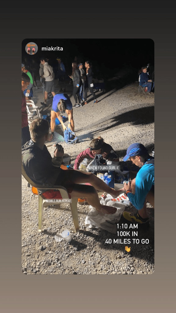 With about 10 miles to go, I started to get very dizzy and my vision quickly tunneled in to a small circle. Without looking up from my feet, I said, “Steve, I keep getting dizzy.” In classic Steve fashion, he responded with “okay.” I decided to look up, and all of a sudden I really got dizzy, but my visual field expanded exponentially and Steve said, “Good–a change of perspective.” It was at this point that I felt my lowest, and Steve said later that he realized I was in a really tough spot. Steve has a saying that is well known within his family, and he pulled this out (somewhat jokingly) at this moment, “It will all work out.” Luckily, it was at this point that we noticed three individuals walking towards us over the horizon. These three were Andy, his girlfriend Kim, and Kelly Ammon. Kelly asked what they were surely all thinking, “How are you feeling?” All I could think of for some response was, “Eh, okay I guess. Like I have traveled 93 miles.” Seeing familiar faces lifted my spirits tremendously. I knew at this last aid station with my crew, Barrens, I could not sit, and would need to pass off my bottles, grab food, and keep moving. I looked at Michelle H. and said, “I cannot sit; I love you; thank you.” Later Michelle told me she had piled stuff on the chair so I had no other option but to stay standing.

# # # # # # #

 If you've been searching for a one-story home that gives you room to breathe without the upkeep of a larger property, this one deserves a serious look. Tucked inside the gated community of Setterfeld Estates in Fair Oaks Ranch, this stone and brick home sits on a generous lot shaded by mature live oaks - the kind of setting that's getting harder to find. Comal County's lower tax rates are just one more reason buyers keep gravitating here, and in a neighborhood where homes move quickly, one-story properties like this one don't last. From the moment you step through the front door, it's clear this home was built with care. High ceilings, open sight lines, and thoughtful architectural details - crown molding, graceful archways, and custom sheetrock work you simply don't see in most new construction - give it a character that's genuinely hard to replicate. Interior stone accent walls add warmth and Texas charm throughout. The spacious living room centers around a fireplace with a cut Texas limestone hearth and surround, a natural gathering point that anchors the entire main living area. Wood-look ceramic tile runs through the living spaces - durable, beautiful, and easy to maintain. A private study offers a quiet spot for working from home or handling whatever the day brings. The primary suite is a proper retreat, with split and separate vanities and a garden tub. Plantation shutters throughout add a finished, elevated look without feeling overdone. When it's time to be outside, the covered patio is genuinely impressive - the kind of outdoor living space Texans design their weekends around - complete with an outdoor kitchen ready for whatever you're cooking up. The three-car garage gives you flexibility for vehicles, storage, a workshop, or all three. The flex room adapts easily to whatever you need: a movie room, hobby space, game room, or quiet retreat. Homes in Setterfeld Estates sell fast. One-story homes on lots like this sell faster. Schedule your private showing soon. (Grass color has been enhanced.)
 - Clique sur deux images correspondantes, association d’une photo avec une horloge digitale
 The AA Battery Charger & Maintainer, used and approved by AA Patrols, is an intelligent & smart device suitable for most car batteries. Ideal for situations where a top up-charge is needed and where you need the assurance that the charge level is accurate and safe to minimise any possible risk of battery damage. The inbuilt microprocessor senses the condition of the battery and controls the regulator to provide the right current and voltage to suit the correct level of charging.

# # # # # # #

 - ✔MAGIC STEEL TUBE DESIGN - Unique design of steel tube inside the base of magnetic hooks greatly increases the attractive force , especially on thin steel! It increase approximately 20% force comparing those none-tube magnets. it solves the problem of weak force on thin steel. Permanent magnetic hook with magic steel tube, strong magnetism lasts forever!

# # # # # # #

## Work task
An exact, complete copy of the lines above from the one with "- Clique sur" through the one with "The AA Battery" is the whole answer.

## Solution to the problem
 - Clique sur deux images correspondantes, association d’une photo avec une horloge digitale
 The AA Battery Charger & Maintainer, used and approved by AA Patrols, is an intelligent & smart device suitable for most car batteries. Ideal for situations where a top up-charge is needed and where you need the assurance that the charge level is accurate and safe to minimise any possible risk of battery damage. The inbuilt microprocessor senses the condition of the battery and controls the regulator to provide the right current and voltage to suit the correct level of charging.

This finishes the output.